PROBLEM DESCRIPTION
Return, without pictures, the lines from the start of the data through the one that contains "Northampton Town 1928/1929".

━━━━━━

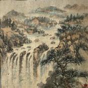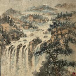 This unique and original contemporary artwork "Waterfall II" on the subject of Landscapes has been created by the contemporary artist Yu Huan Huan.
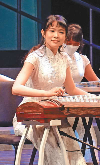 全港同乡社团庆祝香港回归祖国25周年文艺巡演启动礼上,表演者在演奏古筝。本报记者 裴苒迪摄
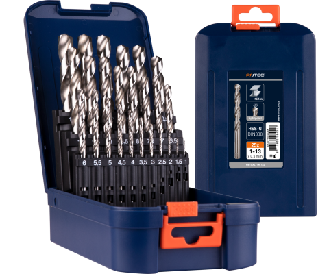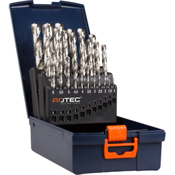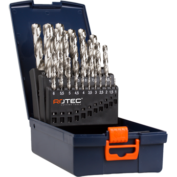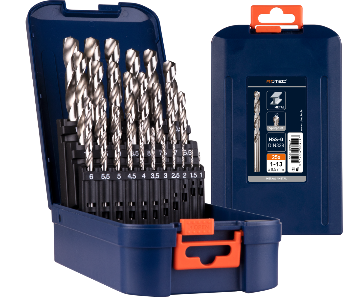 Rotec 25-delig geslepen spiraalboren, type '105' set, Ø 1,0 t/m 13,0 (0,5 mm oplopend)
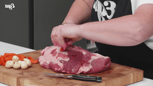 Insert a piece of carrot and garlic into each cut. Set aside 1-2 cloves of garlic.
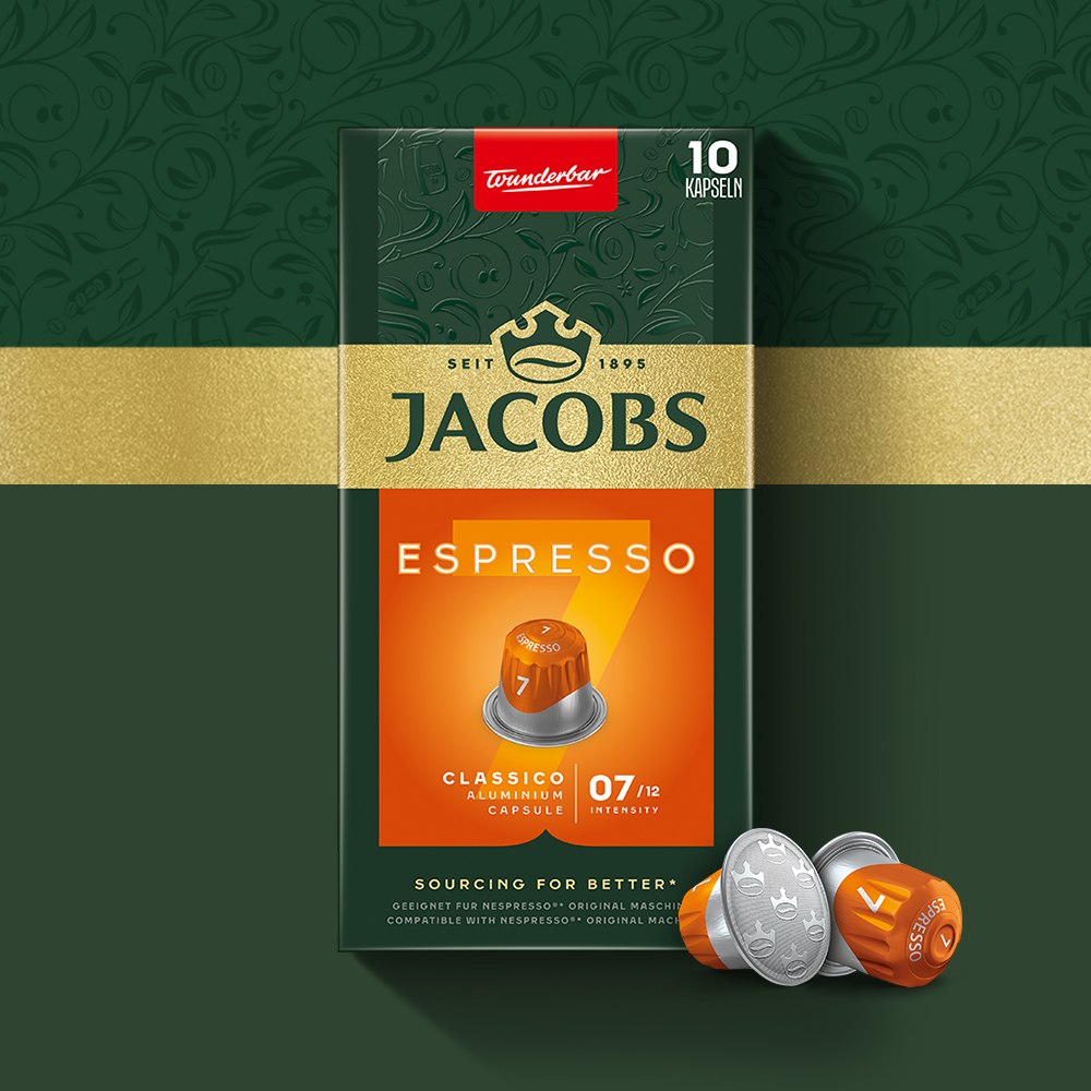 Kapsułki aluminiowe Jacobs Espresso Classico 10 sztuk, Intensywność 7, kompatybilne z ekspresami Nespresso®*
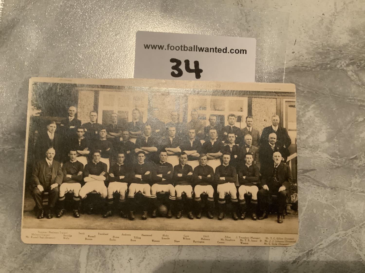 Northampton Town 1928/1929 Football Team Postcard: Fair condition with no writing to rear. Slight rounding and not cut perfectly.
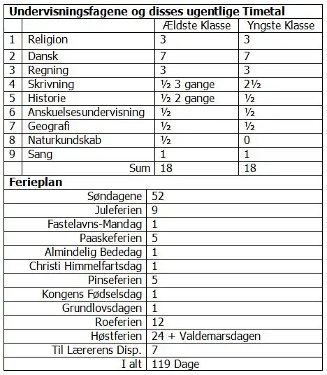 Undervisningen er fælles for Drenge og Piger. Skolen har to Klasser, som hver undervises i mindst 738 Timer om Aaret fordelte paa 41 Uger, hvorunder Gymnastikken ikke er medregnet. Hver Klasse søger Skolen 3 hele Dage om Ugen, ældste Klasse Mandag, Onsdag og Fredag, yngste Klasse Tirsdag, Torsdag og Lørdag. Skoletiden er for begge Klasser i Maanederne November, December, Januar og Februar fra 8½ til 11½ Formiddag og fra 12½ til 3½ Eftermiddag, i de Øvrige Maaneder fra 8 til 11 Formiddag og fra 1 til 4 Eftermiddag. I Sommermaanederne skal der desuden, naar Vejret tillader det, undervises ½ Time daglig i Gymnastik. Eksamen afholdes aarlig i April Maaned og om Efteraaret tillige en særlig Prøve over de Børn, der ønskes udskrevne til dette Tidspunkt.
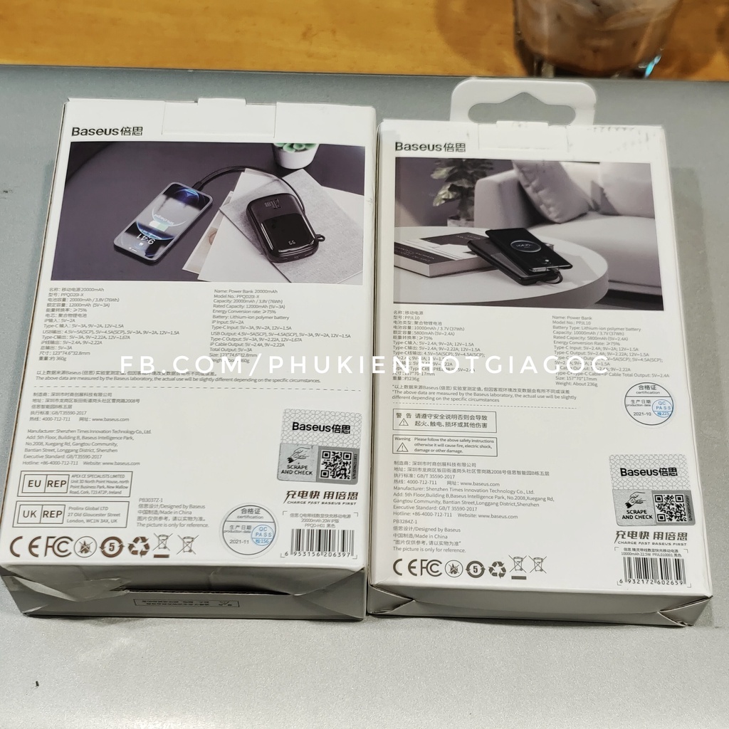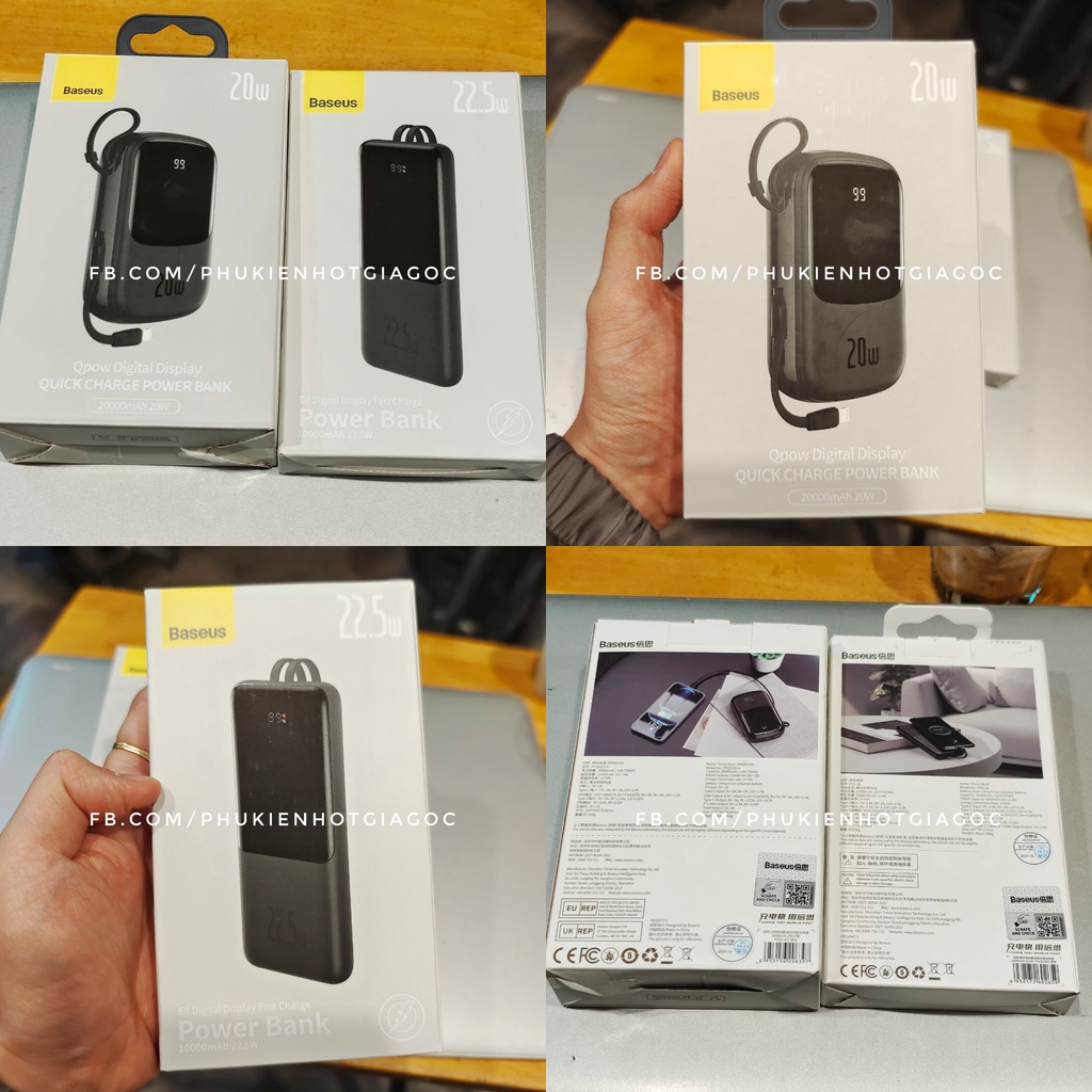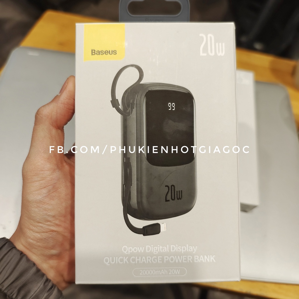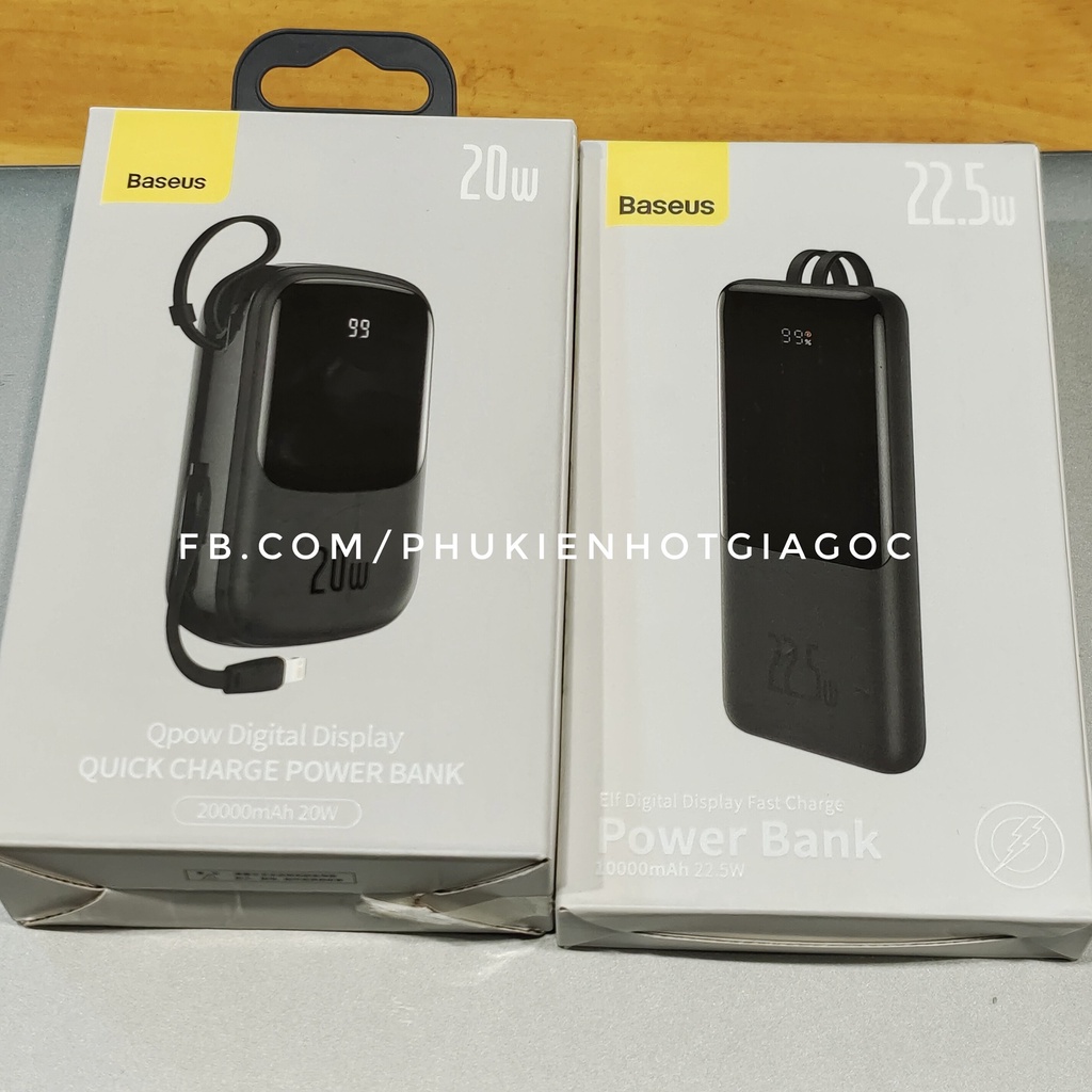 Pin Dự Phòng Baseus Qpow Digital 20000 Sạc Nhanh 20W kèm cáp Iphone / Pin Elf 10000 mAh 22.5W kèm cáp sạc type C--
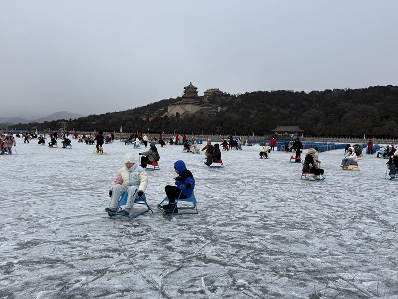 今年为何没有狗拉爬犁等电动设施了?颐和园经营科科长高悦告诉记者,往年冰场运营面积约35万平方米,但前段时间气温比较高,颐和园冰冻的面积不是非常大,所以今年冰场没有划分电动设备区域,整体运营面积缩减了一半,约为16万平方米。但大家的兴致还是很高,冰场游客自发连成长龙。“一个自行车在前面,后边拉着很多冰车,我们也问了一下,大家其实都不认识,但是想用这种游乐方式活跃气氛,通过冰场进行社交。”
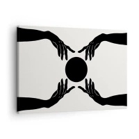 Impression sur toile - Image sur toile - Mains noires dans une composition symétrique avec une boule - 70x50cm - Signe secret - Décoration murale moderne pour le salon et la chambre ARTTOR
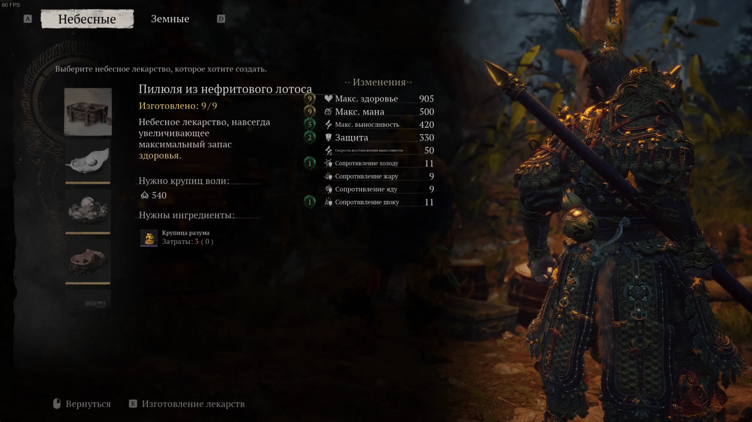 В Black Myth: Wukong бутыль не только восполняет здоровье, ману или очки ци, но и может давать различные бонусы с помощью добавок. Увеличить количество зарядов может обезьяна Шэнь. Игрок встретит ее в первой главе в локации «Топи Белого Тумана». Для прокачки потребуется ресурс под названием «Ароматная лоза».
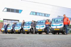 | V.l.n.r. Martijn Beekwilder (Goupil Nederland), Tommy Frederiks (Utrecht) en Bas van der Veer (rechts) met de gloednieuwe Goupil G6 afvalinzamelwagen. |
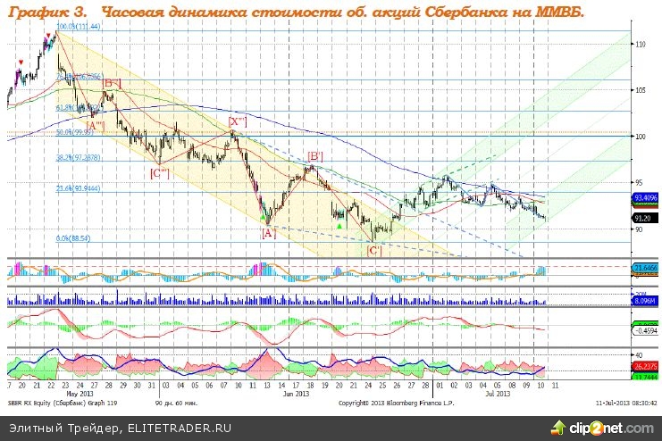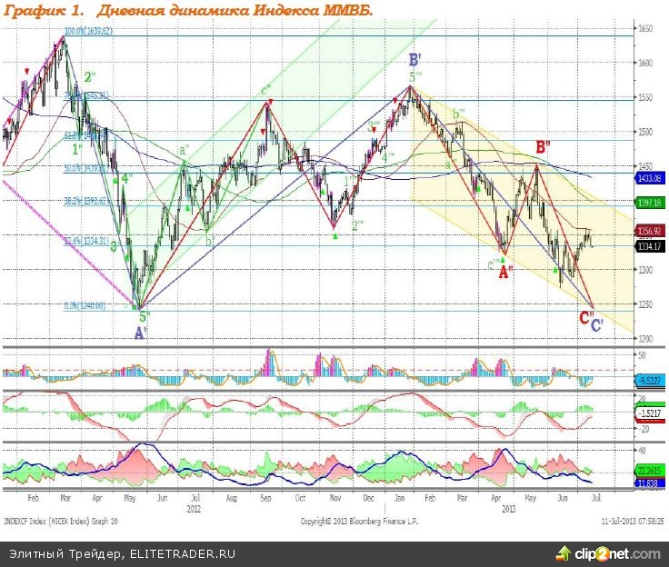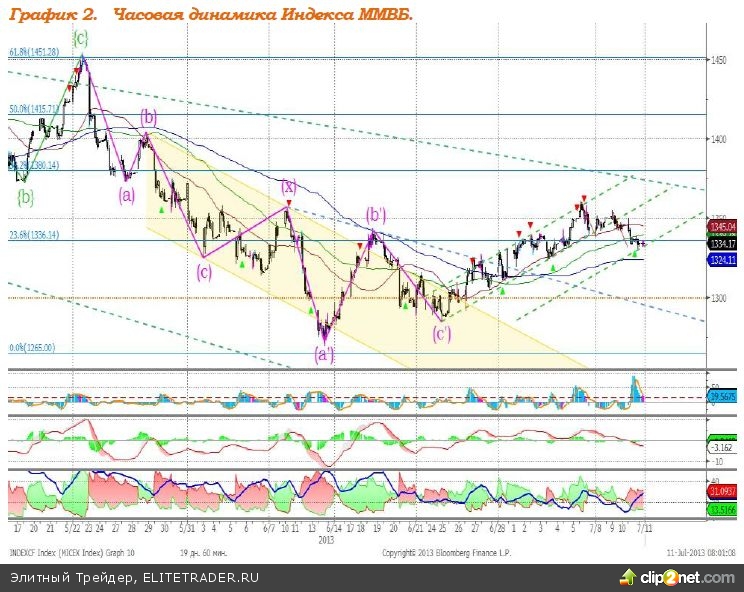 Индекс ММВБ – в последние дни не показывает выраженной динамики. MACD выглядит нейтрально. DMI+ находится ниже DMI-, ADX находиться в средней части шкалы и направлен вверх, что говорит о наличии нисходящего локального тренда. Индикатор, основанный на динамике ADX, 5 июля повторил сигнал к снижению. Рекомендация: Вне рынка
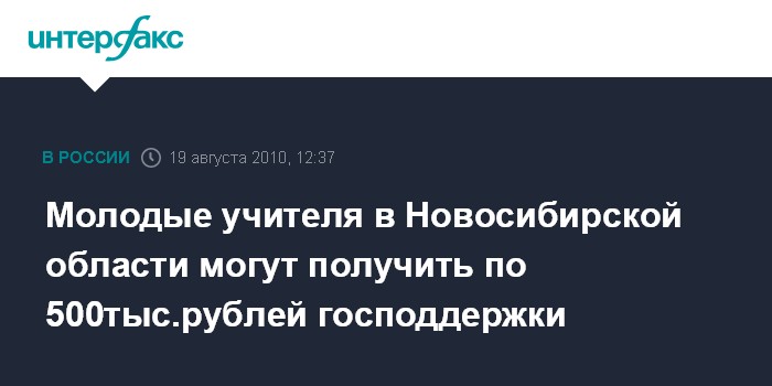 Новосибирск. 19 августа. INTERFAX.RU - Выпускники педагогических вузов 2009 и 2010 года, занявших одну из 19 вакансий, определенных для Новосибирской области Министерством образования и науки РФ, могут претендовать на получение государственной поддержки.
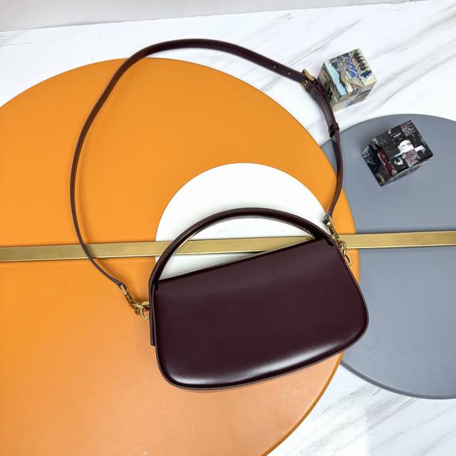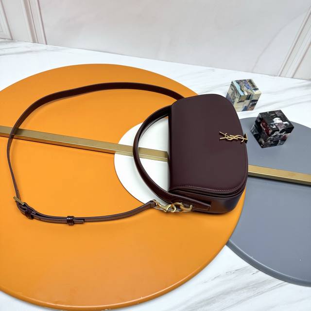 ) This bag is named after Voltaire, the French writer and philosopher of the 18th-century Enlightenment who advocated freedom and a relaxed lifestyle. The entire bag is crafted from top-grade luxury Box calfskin with a slightly glossy finish, making it soft and lustrous, highlighting the leather's texture. The half-moon shape is a very chic contemporary design, incorporating many elements of the bourgeois-Bourgeoisie style, exuding elegant charm and perfectly complementing an urban look! (
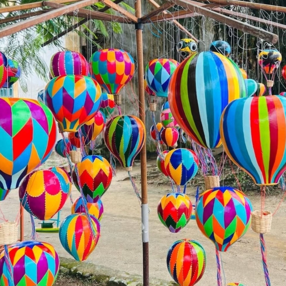 É a partir das cabaças que Idembergue Tenório cria seus balões coloridos. Natural de Paraty (RJ), esse artesão caiçara conta que seu trabalho surge a partir de uma história de amor: apaixonado por uma pessoa que fazia esses balões, o artesanato era uma desculpa para passar mais tempo e aprender com ela. Aos poucos foi encontrando no artesanato mais uma grande paixão, e ja soma maos de 23 anos dedicados a esse fazer.
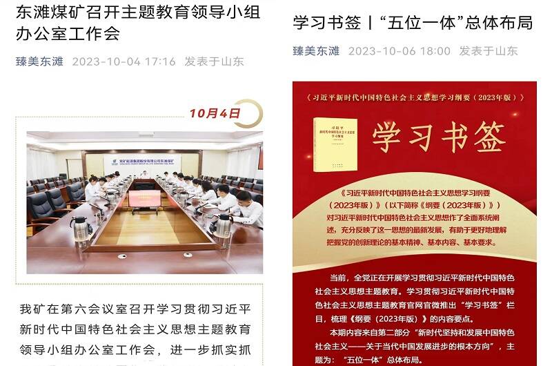 东滩煤矿党委充分发挥内宣、外宣新闻媒体平台作用,整合资源、统筹发力,强化宣传引导,创新形式,编发东滩煤矿学习贯彻习近平新时代中国特色社会主义思想主题教育简报,利用“学习强国”“灯塔—党建在线”等公共学习资源,聚焦党中央、上级公司等主流媒体关于主题教育的实时报道、评论文章、专题消息等热点内容,及时转发推送学习,做到宣传有声有色有亮点,扩大党员干部职工对主题教育的知晓率和参与度,推动主题教育入脑入心。

━━━━━━

EXERCISE SOLUTION
 This unique and original contemporary artwork "Waterfall II" on the subject of Landscapes has been created by the contemporary artist Yu Huan Huan.
 全港同乡社团庆祝香港回归祖国25周年文艺巡演启动礼上,表演者在演奏古筝。本报记者 裴苒迪摄
 Rotec 25-delig geslepen spiraalboren, type '105' set, Ø 1,0 t/m 13,0 (0,5 mm oplopend)
 Insert a piece of carrot and garlic into each cut. Set aside 1-2 cloves of garlic.
 Kapsułki aluminiowe Jacobs Espresso Classico 10 sztuk, Intensywność 7, kompatybilne z ekspresami Nespresso®*
 Northampton Town 1928/1929 Football Team Postcard: Fair condition with no writing to rear. Slight rounding and not cut perfectly.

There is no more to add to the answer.